Hankinshaw was indeed a man to be reckoned with. He was of a sullen and revengeful nature, and prided himself on always “getting even” with any one who crossed his will. For Tom and his friends he entertained an especially bitter feeling, not only because of the clashes at Shopton, but also because he had succeeded in persuading himself that Tom had “double crossed” him in getting the rights to the drilling on the Goby farm. In reality, Tom had been moved more by a desire to protect the blind man from being swindled than by a wish for his own personal gain.
However, as is common with men of his sort, Hankinshaw judged Tom by his own warped and twisted standards, and even before oil had been struck on the Goby farm he was planning to have revenge for the fancied injury. But when he learned that Tom had actually struck a gusher, his anger and chagrin knew no bounds. He saw the riches that he had thought to pocket himself going to others, and the sight drove him fairly wild with rage. He immediately called his confederates together, that they might plan some way to bring about Tom’s downfall.
They gathered in Hankinshaw’s room at the hotel one evening about a week after the well had been tapped. Hankinshaw’s partners were almost as bitter as he over their loss of the big gusher, and were prepared to follow him in any enterprise that promised revenge.
Hankinshaw, as the more forceful, had taken Thompson’s place as leader, and he was the one who opened the conference.
“Well, boys, we’ve been done to the queen’s taste,” he began, as he smoked his vile pipe furiously. “That cub Tom Swift and his friends have put the kibosh on us good and proper. They’ve struck oil, and we’re left out in the cold when we should be running that gusher ourselves right now. That being the case, are we going to take it lying down like dogs, or are we going to hit back?” and he glanced from one to the other with an ugly scowl on his face.
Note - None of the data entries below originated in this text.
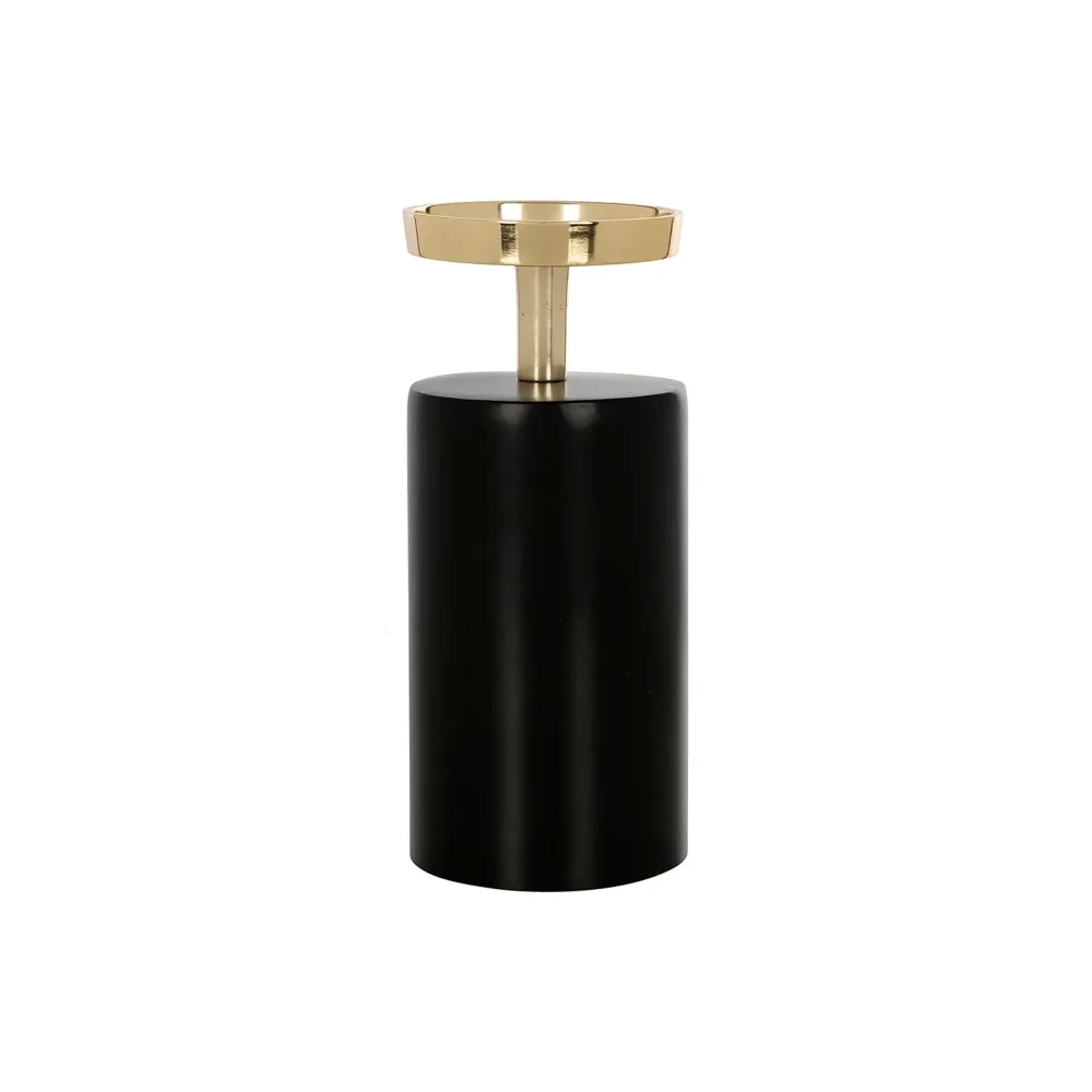 Deze stijlvolle kandelaar is vervaardigd uit hoogwaardig aluminium en afgewerkt in een elegante zwarte tint met verfijnde gouden details. Het tijdloze ontwerp maakt het een perfecte aanvulling voor diverse interieurstijlen. Voor wie op zoek is naar een prominenter formaat, is de Caya kandelaar ook verkrijgbaar in een grotere variant. Ideaal voor zowel alledaags gebruik als speciale gelegenheden.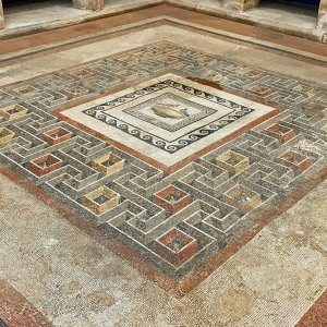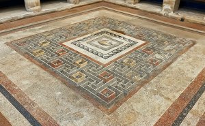 Roman mosaic of a labyrinth rendered with a remarkable threedimensional effect in the peristyle courtyard of the Domus Romana Malta
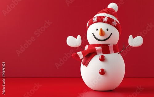 3D cute Snowman on bright red background
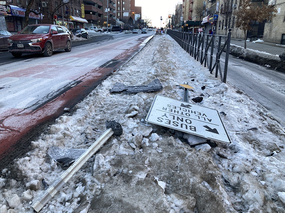 AT THE SITE of a single vehicle, early morning car accident that took place on Sunday, Feb. 8, 2026, at 325 East Gunhill Road in the Norwood section of The Bronx, a street sign is seen toppled over later on Sunday afternoon.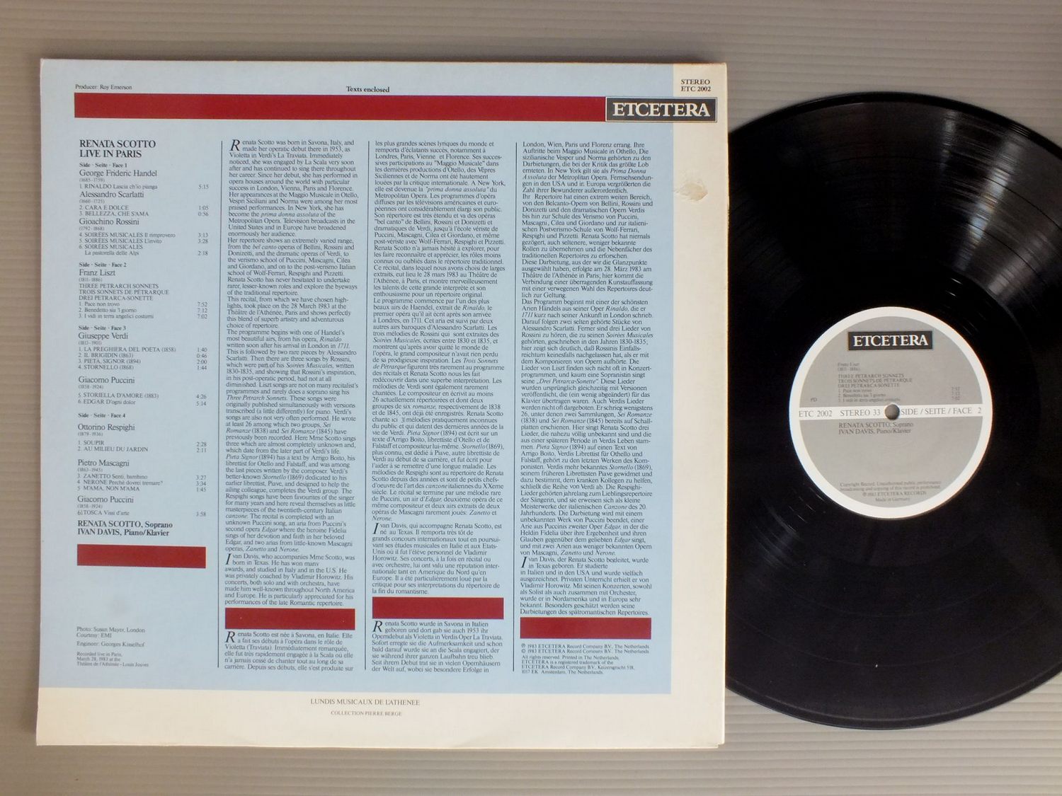 IVAN DAVIS/RECITAL-RENATA SCOTTO-LIVE IN PARIS ETC2002 製造国:独盤 / Media:LP外観:EX-盤の状態:EX 価格(税込):¥1,540(売約済) 送料 7inch:定形外郵便 360円~LP:定形外郵便 660円~送料は、注文の最終画面で確認頂けます。 > > IVAN DAVIS/RECITAL-RENATA SCOTTO-LIVE IN PARIS 外観 (EX-)特記事項:裏ジャケに破け有。外観EX-の共通説明:ダメージ軽度~多少。 中古品としては普通の状態。シミ、ヨゴレ、スレなど軽く~多少。 盤の状態 (EX)特記事項:薄いスリキズ・スレ軽くある感じ。殆どが軽微なものの様子です。盤EXの共通説明:盤面のスリキズが薄いものが少し~軽度 音に出そうなものは無いように見える(軽微なソフトティック音は除く)。 Tweet それぞれの画像をクリックすると、大きい写真が見られます こちらの商品もお勧めです 1,320円 PAILLARDパイヤール / BACH-ORCH.L SUITES 1,430円 SILVIO VARVISO / ITALIAN OPERA CHORUSES 1,870円 MAAZEL - NEW PHILHARMONIA ORCH. / BRAHMS - DEUTSCHES REQUIEM 2LP BOXBRAHMS - DEUTSCHES REQUIEM 2枚組 1,540円 DE LOS ANGELES-FRUHBECK DE BURGOS / FALLA-LA VIDA BREVE 1,210円 LEONOIE RYSANEK - BASILE / OPERATIC ARIAS 990円 MARIA CALLAS-SCHWARZKOPF etc / GREAT HITS FROM GRAND OPERA VOL1 1,320円 V.REINSHAGEN / LEHAR-COUNT OF LUXEMBOURG 1,320円 ELENOR STEBER - RISE STEVENS etc / COLLECTOR`S PORGY & BESS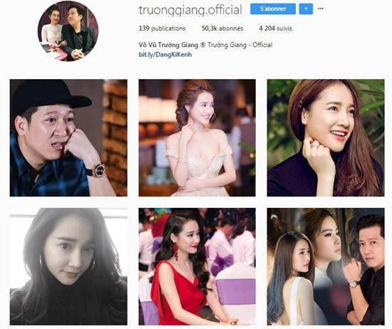 Một tài khoản lấy tên của Trường Giang thường xuyên đăng tải hình ảnh của Nhã Phương. Tài khoản này còn có cả chữ official (chính thức) như một cách để người xem ngầm hiểu đây là trang chính thống của danh hài.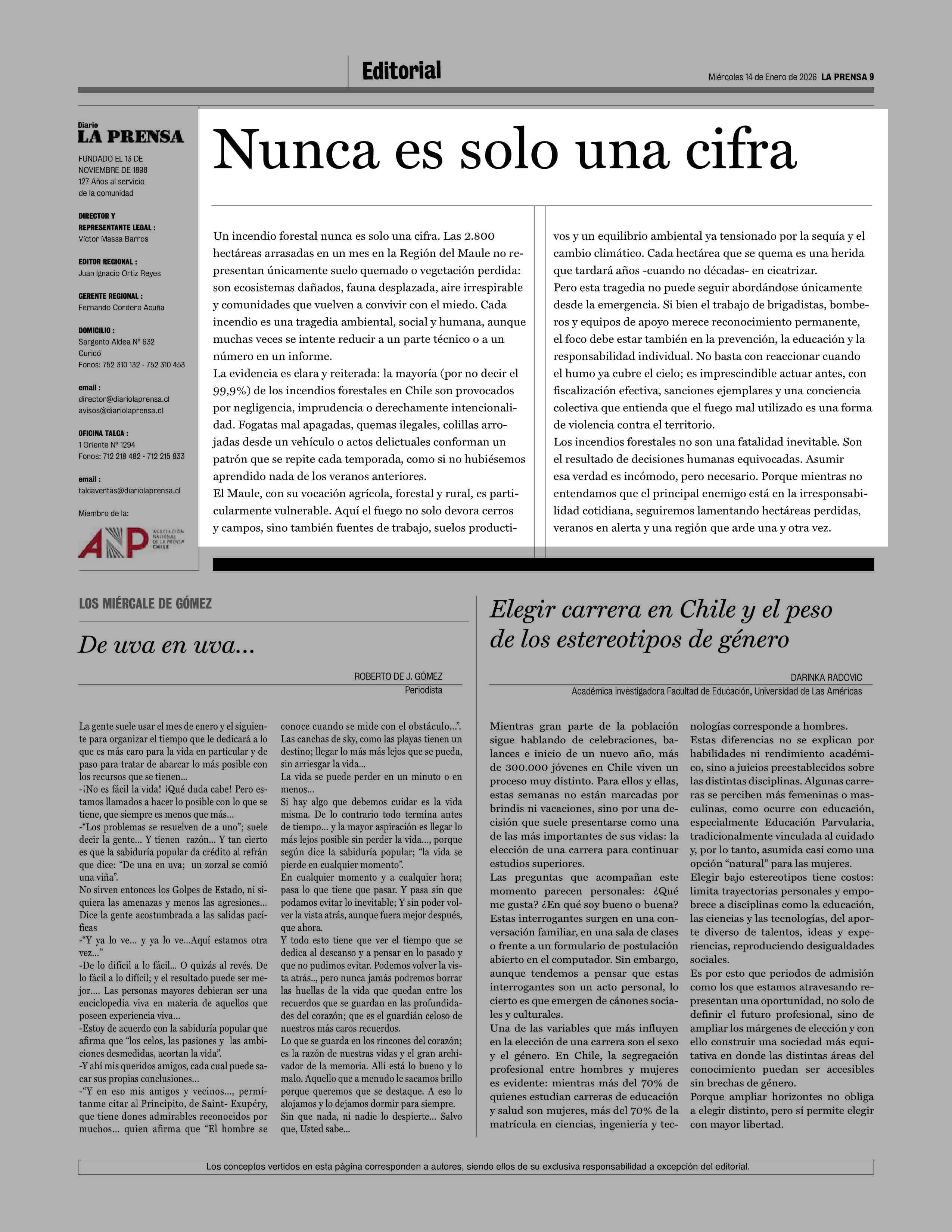 Fecha: 14-01-2026 Sector: Editorial Región: Región del Maule

His companions shifted uneasily in their chairs and looked at each other.
“I’d like to hit back all right,” said Thompson. “But all the same, I do not care to do anything that may land me in jail. I’ve kept clear of that so far, and I’m not anxious to begin.”
“I feel the same way,” agreed Bragden. “It’s better to be safe than sorry. All the same, Hankinshaw, let’s know what you have in mind.”
Hankinshaw looked at them with a wicked gleam in his close-set eyes. “I’m not so particular as you fellows,” he sneered. “When a man has done me an injury, I aim to get even with him and I am none too squeamish as to how. I do it. I’ve thought up a scheme that will do the trick for us, and there is not enough risk in it even to scare you pikers.”
“Cut out that rough stuff, Hankinshaw,” said Thompson. “That isn’t going to get us anywhere. Lay your cards on the table.”
“All right, then; here’s the dope. You both know oil wells, and you know that when a gusher comes in it spreads out over the landscape quite considerable before it’s got under control, don’t you?”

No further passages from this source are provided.